== Work item ==
Beginning with the line containing "在 mysql workbench", transcribe every line exactly down to the last one in the records below, and drop the pictures.

*** Opening of Records supplied ***

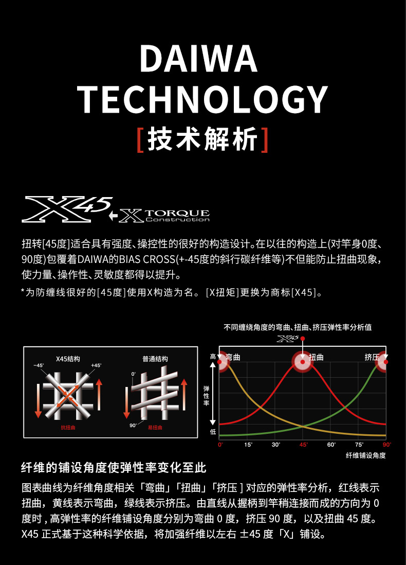 X45:扭转[45°]适合具有强度、操控性的很好的构造设计。在以往的构造上(对竿身0°、90°)包覆着DAIWA的BIAS CROSS(+-45°的斜行碳纤维等)不但能防止扭曲现象,使力量、操作性、灵敏度都得以提升。 X45 FULL SHIELD:针对抛竿、诱鱼、弓鱼、博鱼,X45 FULL SHIELD会排除掉在这些动作和操作中出现的扭曲现象。从容易产生扭曲的素材先端开始,用45°的斜行纤维从能体现效果的外层开始包裹,从而耐扭曲的刚性得到了很大的提升。
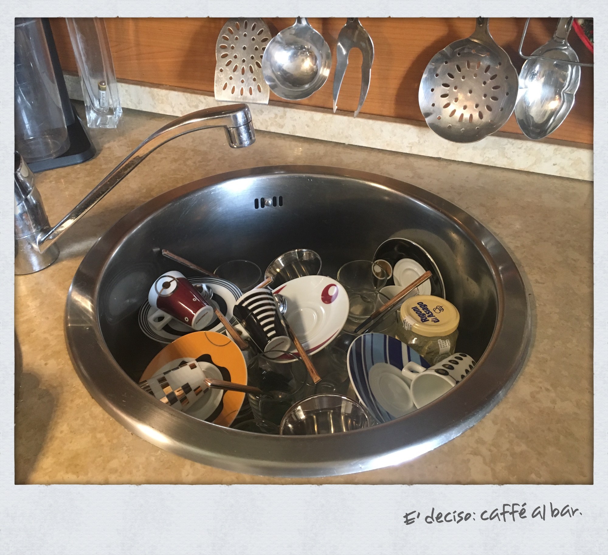 Oggi ho imparato che…Una mattina per caso ti svegli vai in cucina e, guardando la Nespresso e il lavandino, realizzerai che potrai anche avere un milione di cialde di caffè nella dispensa, ma in nessuna casa al mondo il numero di tazzine da caffè sarà mai, davvero mai, abbastanza. Prima o poi arriverà quella tragica mattina in cui una donna si sveglierà, scoprirà che sono tutte da lavare e sarà costretta a uscire per andarsi a prendere il caffè al bar!
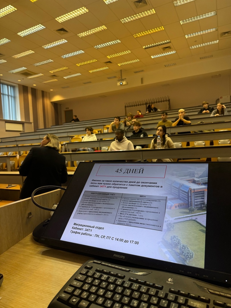 На встрече студентам напомнили о ключевых правилах пребывания на территории Российской Федерации и подняли вопросы, связанные с обучением и проживанием.
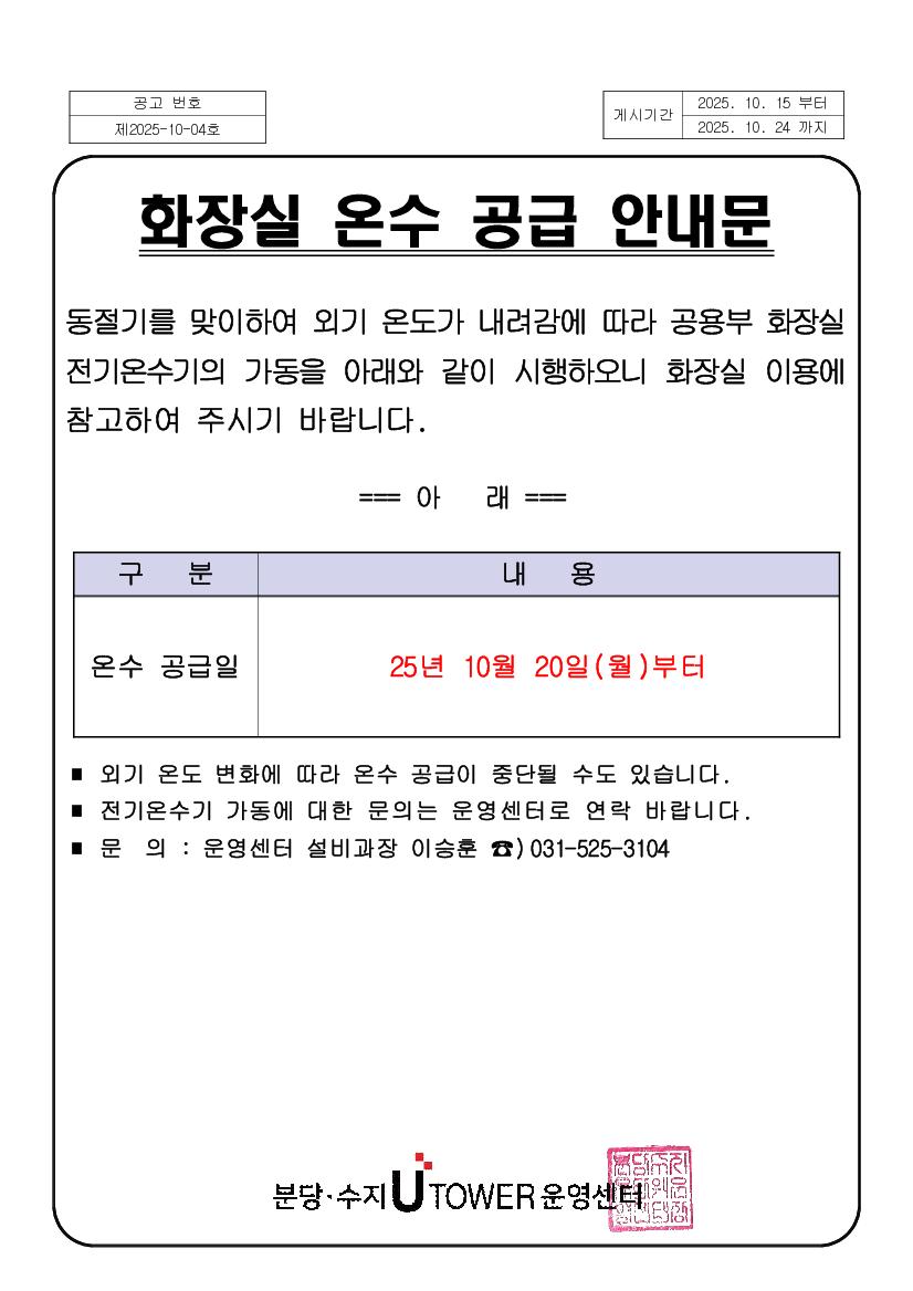 >> 화장실 온수 공급 안내문 운영센터 21 2025.10.15
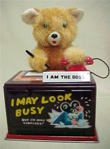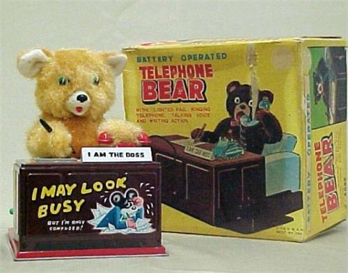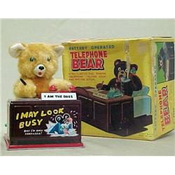 Telephone Bear; metal and plush battery operated bear and desk with original box; 8"high by 7"across; no visible damage on toy; some wear to box.
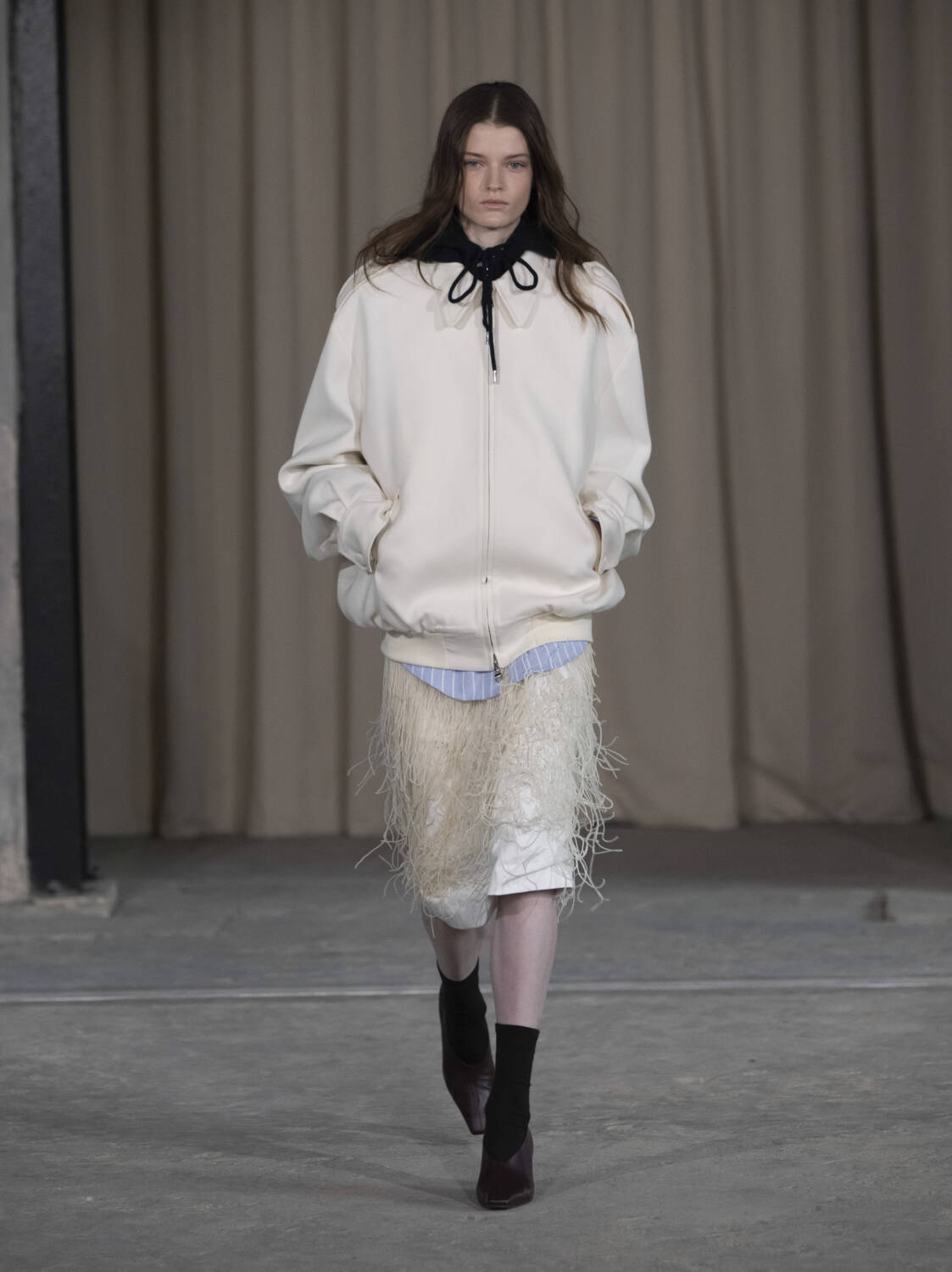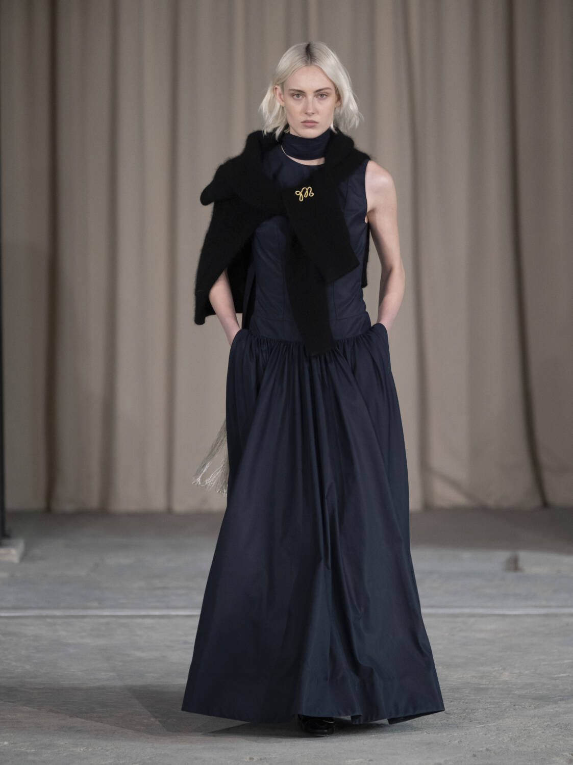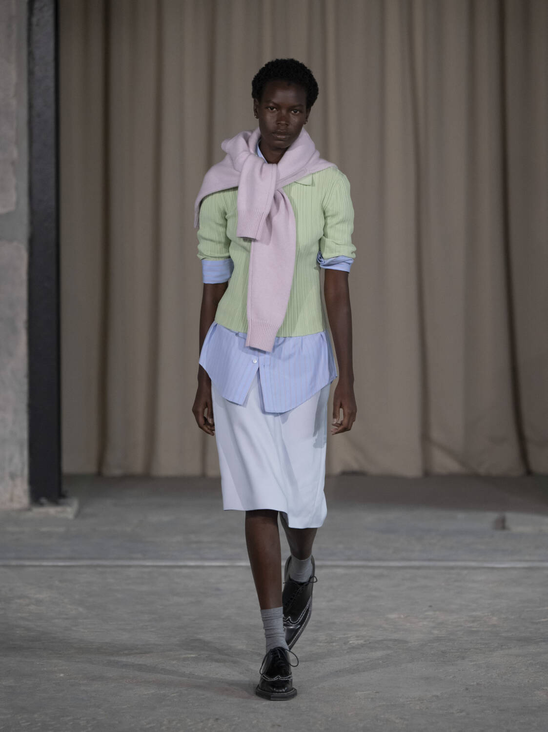 Elsewhere full skirts met sharp shoulders, tan leathers softened navy wools, and saccharine pastels clashed with a hard core edge. The collection questioned taste, drawing inspiration from the Eighties and Noughties in a vibrant display of colour and texture. Decades of influence and heritage are subverted through a bold colour palette, where awkward, sickly pastels clashed with classic preppy hues. Meanwhile, rock ’n’ roll prints and unexpected compositions injected a rebellious spirit.
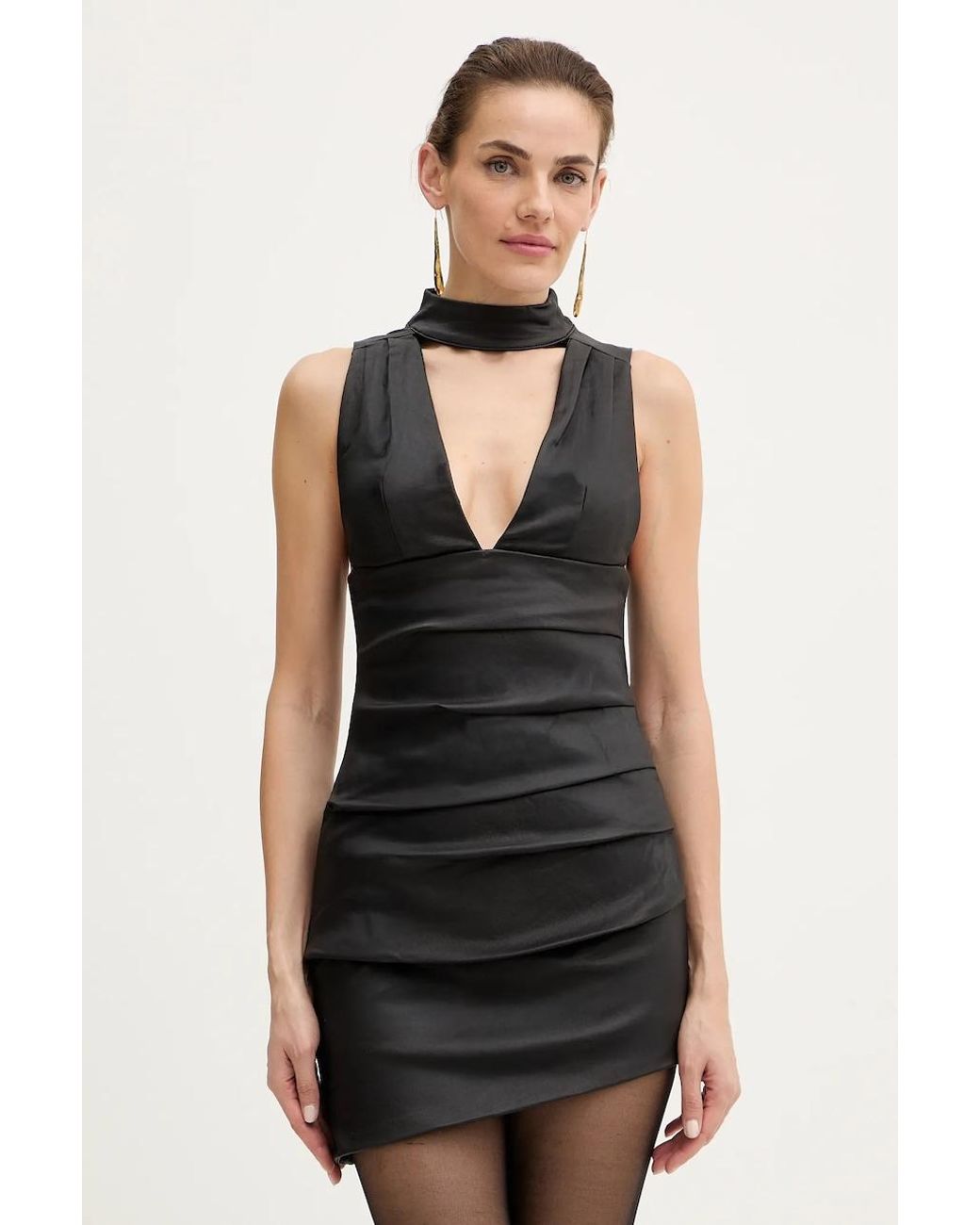 Attenzione: la taglia indicata sul sito web è quella europea. Vi informiamo che le taglie riportate sulle etichette si differenziano a causa del fattore di conversione applicato. - Stile aderente con pieghe di grande effetto. - Chiusura a zip sul retro. - Foderato. - Tessuto elasticizzato fine. - Lunghezza: 72/82 cm. - Larghezza sotto l'ascella: 34 cm. - Larghezza della vita: 34 cm. - Larghezza dei fianchi: 44 cm. - Misure per la taglia: S. Colore: nero
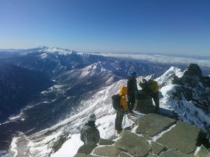 鉄の梯子を登り、たぶん夏道通りに登って奥穂山頂に到着。狭い山頂で登頂を喜びあう。どちらを見てもすばらしい展望。北には槍が、東には笠が、見下ろせば大正池がくっきり見える。風がないので山頂でも寒さは感じない。
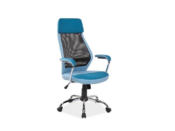 - Scaunul este realizat din material textil albastru + plasa neagra.
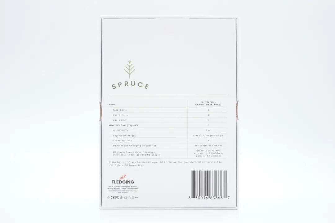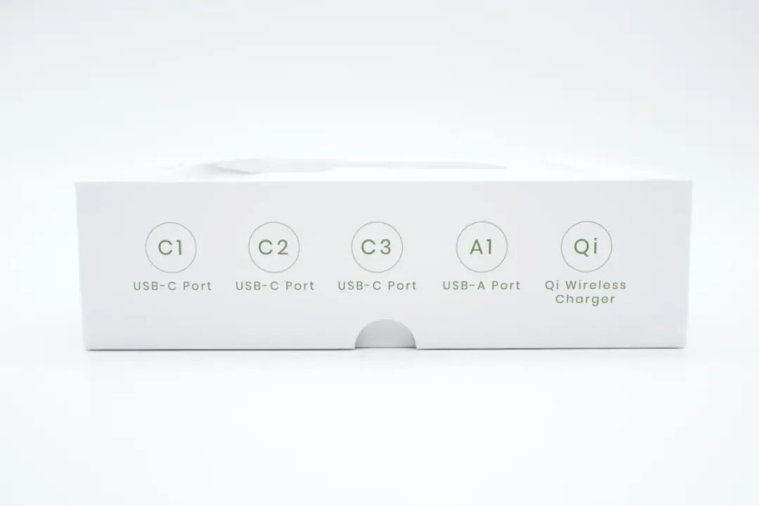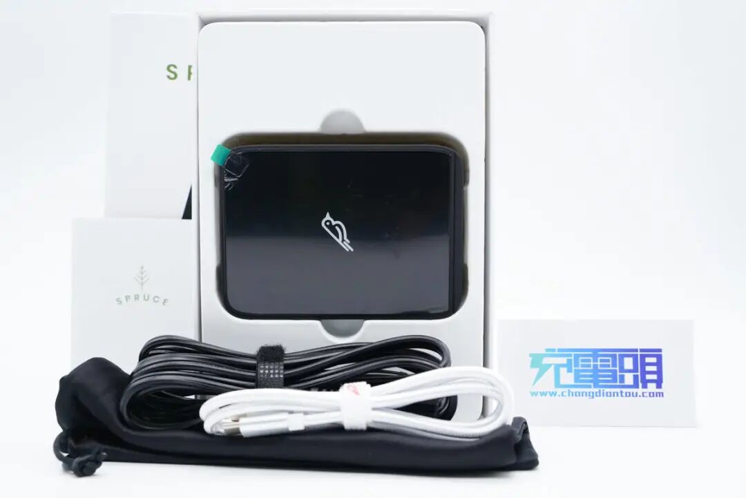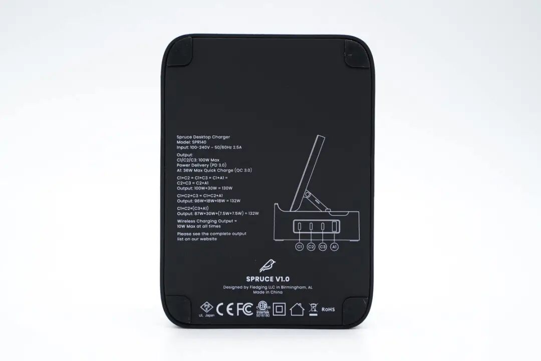 SPRUCE这款二合一产品不仅拥有10W输出的无线充电板,还拥有一个强大充电器底座,配备3C1A四个USB接口,三个C口还都支持100W PD快充,可直接给笔记本电脑充电。
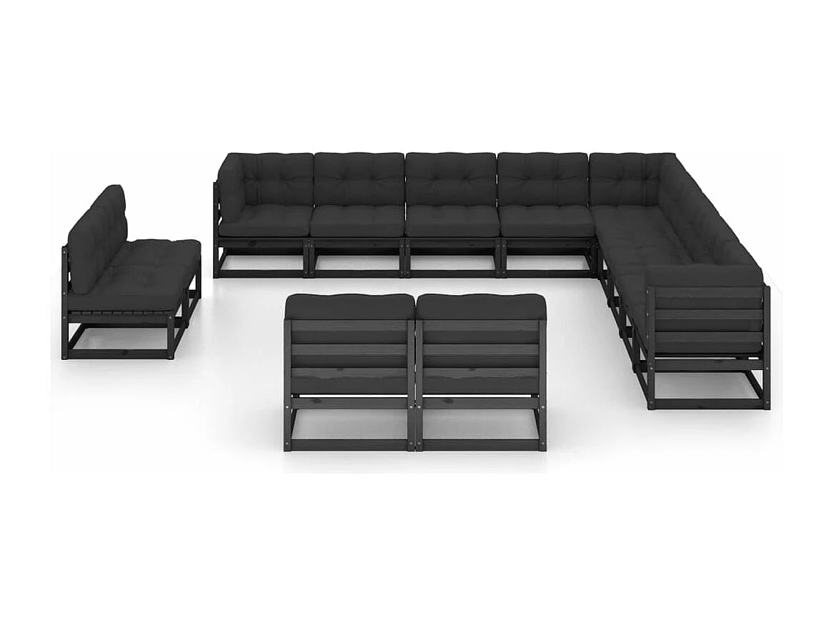 13 pcs conjunto longue jardim c/ almofadões pinho maciço preto
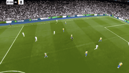 第31分钟,皇马打出流畅配合,卡雷拉斯送出妙传,居莱尔下底传中,姆巴佩空中杂耍射门,梅开二度。
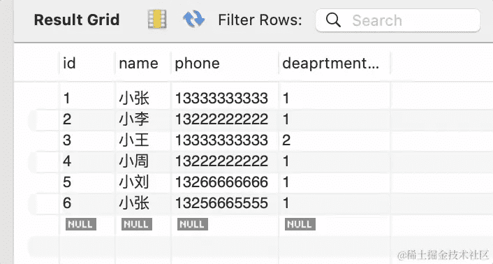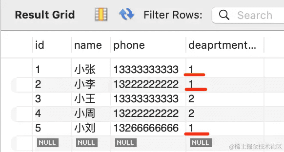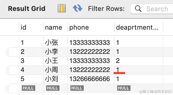 在 mysql workbench 里可以看到,id 为 1 的 department 更新了:
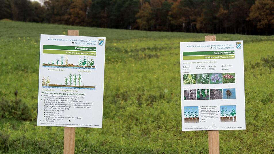 Vorbeifahrende haben sich auf der Verbindungsstraße zwischen Reinersdorf und Kairlindach sicher schon über die 13 weißen Schilder auf einem Feld gewundert. Dort legte Robert Ort, Kreisobmann des Kreisverbandes Erlangen-Höchstadt des Bayerischen Bauernverbands (BBV), eine Demonstrationsfläche für Zwischenfrüchte an. Jetzt hatte das Amt für Ernährung, Landwirtschaft und Forsten (AELF) in Fürth zu einer Begehung eingeladen. Nikolaus Ehnis und Anton Neumann vom AELF zeigten auf der Demonstrationsfläche die praktische Umsetzung von Gewässer- und Bodenschutzmaßnahmen. "Bodenfruchtbarkeit und Schutz vor Erosion sind wesentliche Punkte in der heutigen Landwirtschaft", erklärte Ehnis.
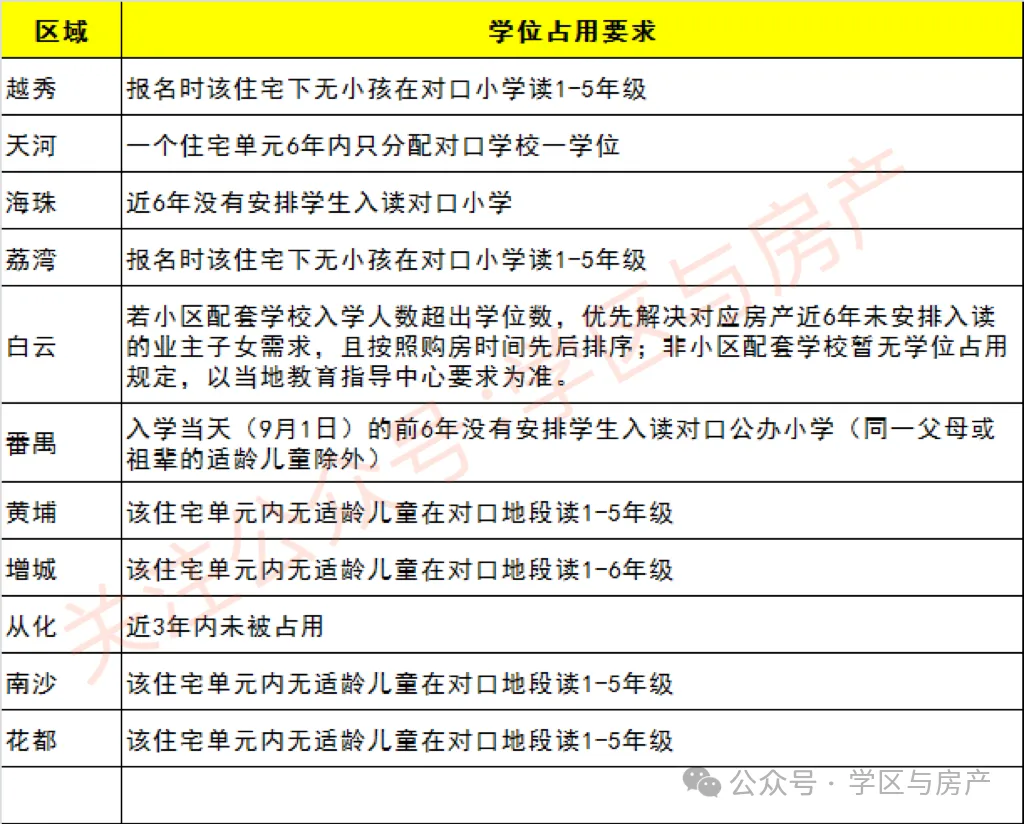 目前,广州大部分区公办小学招生,对学位房的学位占用时间都有要求,一般区都要求近六年的学位未被占用。学位一旦被占用,会影响孩子对口入学,一般由教育局统筹安排学位。

*** Close of Records supplied ***

== Solution to the problem ==
 在 mysql workbench 里可以看到,id 为 1 的 department 更新了:
 Vorbeifahrende haben sich auf der Verbindungsstraße zwischen Reinersdorf und Kairlindach sicher schon über die 13 weißen Schilder auf einem Feld gewundert. Dort legte Robert Ort, Kreisobmann des Kreisverbandes Erlangen-Höchstadt des Bayerischen Bauernverbands (BBV), eine Demonstrationsfläche für Zwischenfrüchte an. Jetzt hatte das Amt für Ernährung, Landwirtschaft und Forsten (AELF) in Fürth zu einer Begehung eingeladen. Nikolaus Ehnis und Anton Neumann vom AELF zeigten auf der Demonstrationsfläche die praktische Umsetzung von Gewässer- und Bodenschutzmaßnahmen. "Bodenfruchtbarkeit und Schutz vor Erosion sind wesentliche Punkte in der heutigen Landwirtschaft", erklärte Ehnis.
 目前,广州大部分区公办小学招生,对学位房的学位占用时间都有要求,一般区都要求近六年的学位未被占用。学位一旦被占用,会影响孩子对口入学,一般由教育局统筹安排学位。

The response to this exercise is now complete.